Well, I’m not as pessimistic as some – but apparently we were lulled into complacency by our early massive lead and now it’s certainly time to get our collective asses in gear and log some miles to fend off the challenge.
Yeah, read the comments. It took me a second to figure out what to look for.
OK, I’ve been pretty good about riding the full 10-12 miles to work, now I just have to start riding the 10-12 miles home, too. I am soooo close to earning that fourth beer, too.
classic tortoise and hare… if it’s just a matter of lighting a fire under our collective asses, then we could possibly get back ahead before this is over (no question, they will pull ahead).
They’ve been really busy with recruitment and it looks like it’s paying off… momentum is on their side with less than a month to go.
I do have a couple of 60 mile rides in mind before that, and also a 100 mile ride tomorrow. ;)
Check the leaderboard for “Communities” and select for the “entire challenge period”

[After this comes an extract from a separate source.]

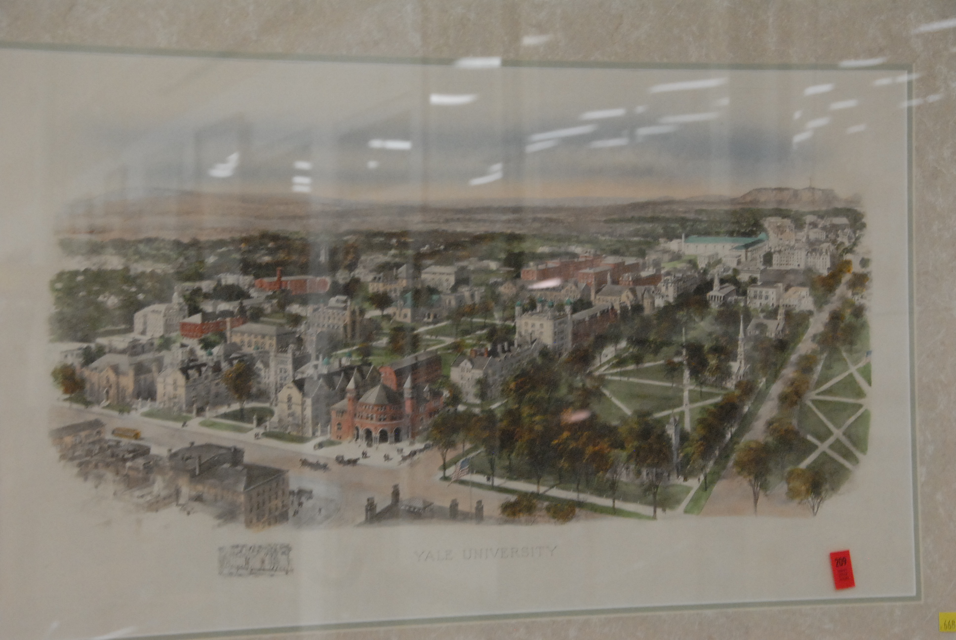 Four piece lot Yale University seal signed Colonna from ‘Yale A Portrait’, New Haven City seal signed Colonna from ‘Yale A Portrait’, birdseye view of Yale University signed in plate Rummel/Littig 1906, Yale College New Haven Connecticut The Old Brick Row with later hand coloring Harpers Weekly circa 1860, 8 1/2 x 9 1/2, 6 x 6, 6 x 7 1/2 & 18 x 31.

Pittsburgh: ranked 183 with 1,70.19 points
Cleveland: ranked 429 with 711.83 points
Not even close! (of course I have no idea how the community points are calculated) Remember that you get 20 points each day you ride, it’s not just mileage.
EDIT: “Participants in each category will be ranked based upon total Points with the exception of cities and states, which will be ranked based on total Challenge Points per 1000 residents”
^So in Cleveland a lot of people show up once a month and log a lot of miles, but in Pittsburgh we ride more often accumulating the same mileage but more points. Divide by population and…. We Win!
@marko, it depends on whether you count points or miles. We’re way ahead on points, but Cleveland seems to think the competition is by miles, where they just passed us.
You know, if we really want to win, all we have to do is get Danny Chew to sign up. Does anyone know him well enough? I’d be willing to enter his miles if he doesn’t want to do the computer stuff.
If I may, pragmatically isn’t it better if Cleveland beats Pittsburgh?
I mean, think about it. If Cleveland “wins”, the Pittsburgh politicos have a shame to overcome. Why isn’t Pittsburgh more bike friendly? What can they do to reverse this bike-gap? How can they bring Pgh up at least to par with “that city”? Maybe they should take action to stop killing cyclists, study to see what Cleveland is doing right, n’at.
Whereas if Pgh wins, then the the politicians don’t see any need to do anything. Hey, we’re advanced enough, we beat Cleveland. No need to change anything.
if anything it is largely pgh riders being slack & not updating their stats.
either they dont care, dont want to bother, etc. if everyone who signed p was logging regularly, this discussion wouldn’t even be happening.